How the engine works

OLED Guard Pro is not a screensaver. It is a real-time, GPU-resident video pipeline that runs every frame, on every connected display, while you use your computer. This page is the technical tour.

The four-stage pipeline

   ┌──────────┐     ┌──────────┐     ┌──────────┐     ┌──────────┐
   │ CAPTURE  │ ──▶ │  MODEL   │ ──▶ │  POLICY  │ ──▶ │COMPOSITE │
   │  DXGI    │     │ exposure │     │ Auto/man │     │   DWM    │
   └──────────┘     └──────────┘     └──────────┘     └──────────┘

1. Capture — DXGI Desktop Duplication

Windows ships an API called Desktop Duplication that gives you a GPU texture handle to whatever DWM is composing for a given display, every time it changes. We use it because:

• It runs on the GPU. The frame buffer never leaves video memory.
• It is the only public Windows API that works inside borderless fullscreen games (which is the mode most gamers actually play in). Older approaches like BitBlt or PrintWindow do not.
• It supports HDR, multi-monitor, and high-refresh displays without us doing anything special.

2. Model — per-pixel exposure shader

A pixel shader processes each captured frame at native resolution. For every pixel it computes:

luminance     = dot(pixelRGB, vec3(0.2126, 0.7152, 0.0722));
delta         = luminance * frameTime;
exposure[p]   = exposure[p] + delta;

Two parallel passes also run:

• Motion envelope. A cheap temporal high-pass: how much has this pixel changed in the last N frames? Pixels with high motion get their exposure decayed faster, because moving content does not concentrate aging.
• Stability detector. A low-pass on the motion envelope: pixels whose value has been stable for many frames are flagged as “static” and become candidates for protection.

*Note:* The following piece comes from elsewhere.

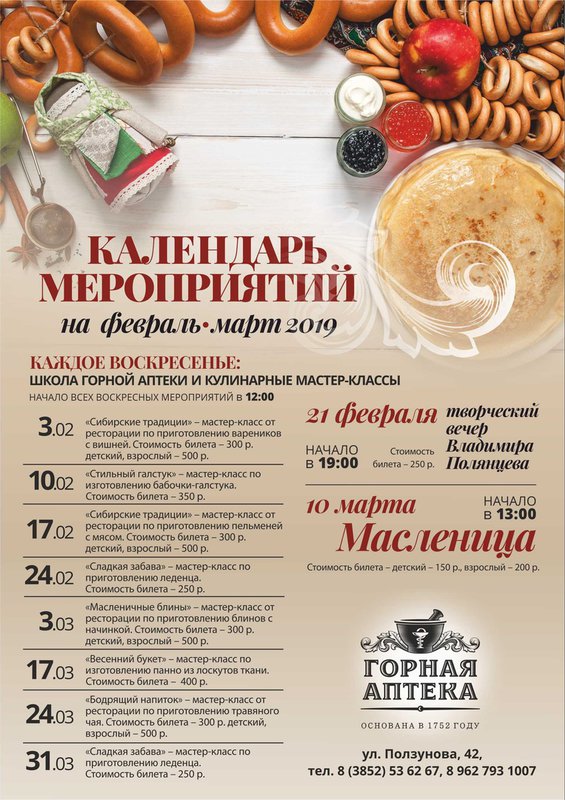 🔸 03.03.19 - «Масленичные блины» - мастер-класс от ресторации по приготовлению блинов с начинкой. Начало в 12:00. Стоимость билета - 300р. детский, 500 - взрослый.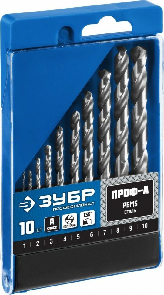 Sizes: for metal: 1.5, 2, 2.5, 3, 3.2, 3.5, 4, 4.5, 4.8, 5, 5.5, 6, 6.5 mm, quantity in the set package: 13 pcs., sharpening angle: 135 degrees, for metal

The exposure histogram is double-buffered in GPU memory. There is no readback to the CPU on the hot path.

3. Policy — what to do about it

The policy stage decides three things, per pixel, every frame:

• How much protection to apply.
• What kind of overlay to render — noise (default), static dim, pixel shift, or dithering, with optional vignette-style edge weighting layered on top.
• Where the field is shaped — uniform, vignette-weighted toward the edges, or driven by app-profile geometry.

In manual mode these come from the sliders on the Overlay page. In Automatic Mode the controller looks at the live signal classification (work, gaming, video, idle), the per-pixel motion envelope, and the dynamism trace, and picks a configuration that the model says minimises risk subject to a perceptibility budget. You can watch this happen in the Advanced > Live Classifier readout.

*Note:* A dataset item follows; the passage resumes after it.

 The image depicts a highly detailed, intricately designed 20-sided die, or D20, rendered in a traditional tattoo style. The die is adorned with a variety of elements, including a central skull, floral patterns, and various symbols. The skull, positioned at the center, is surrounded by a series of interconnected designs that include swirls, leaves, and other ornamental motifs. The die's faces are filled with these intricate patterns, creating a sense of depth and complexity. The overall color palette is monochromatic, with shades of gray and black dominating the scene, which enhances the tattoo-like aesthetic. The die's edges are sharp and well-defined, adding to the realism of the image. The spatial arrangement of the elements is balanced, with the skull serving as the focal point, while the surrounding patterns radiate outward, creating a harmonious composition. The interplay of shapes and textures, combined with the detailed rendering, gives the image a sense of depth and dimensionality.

4. Composite — DWM premultiplied alpha

A second shader renders the chosen overlay into a transparent always-on-top window. The Desktop Window Manager composites that window onto your desktop using premultiplied alpha — the same path it uses for Windows’ own animations. That is why the overlay works correctly in:

• SDR and HDR modes,
• borderless fullscreen games,
• variable-refresh displays (G-Sync / FreeSync),
• multi-monitor setups,
• mixed-DPI configurations.

DWM is doing the actual blending. We are just supplying a frame.

Per-display, in parallel

Each connected display runs its own copy of the pipeline. They do not share state. A monitor change, a hot-plug, a resolution change — the engine notices, drops the affected pipeline, and rebuilds it without disturbing the others.

What runs on the CPU

The CPU does:

• Shader compilation at startup,
• presets, configuration, and the React UI,
• foreground-window monitoring for app profiles,
• DDC/CI commands when you change brightness through the app.

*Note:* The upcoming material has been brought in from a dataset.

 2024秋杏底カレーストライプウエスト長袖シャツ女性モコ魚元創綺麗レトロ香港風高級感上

The CPU does not see your screen contents. The frames stay in GPU memory the entire time.

Performance budget

A representative measurement at 1440p / 144 Hz on a mid-range GPU:

| Stage | Cost per frame | | ---------- | -------------: | | Capture | ~ 0.4 ms | | Model | ~ 0.3 ms | | Composite | ~ 0.5 ms | | Total | ~ 1.2 ms |

That is 7% of a 16.6 ms / 60 Hz budget, but it runs on the GPU side rather than blocking your game’s render path, so wall-clock impact in benchmarks is typically below 1%. Higher resolutions, higher refresh rates, and weaker GPUs scale the cost; the relative shape stays the same.

What was deliberately left out

A few design choices we re-validated more than once:

• No cell-based intelligence layer. A cell-based protection layer that reasoned over 32 × 32 tiles was prototyped and abandoned. Per-pixel modelling is more honest about the physics; tiles produced staircase artifacts at content boundaries.
• No CPU-side burn-in heuristics. The engine does not try to recognise “this is a Discord sidebar” or “this is a YouTube logo.” Recognition is fragile and ages badly. Exposure is the universal physical quantity.
• No telemetry pipeline. Per-pixel histograms never leave your machine. We have no servers that receive them, by design.

If you want to see the engine in motion, the Advanced engine page in the desktop app exposes the live classifier, the per-knob auto-controller traces, and the live signals strip at 60 Hz.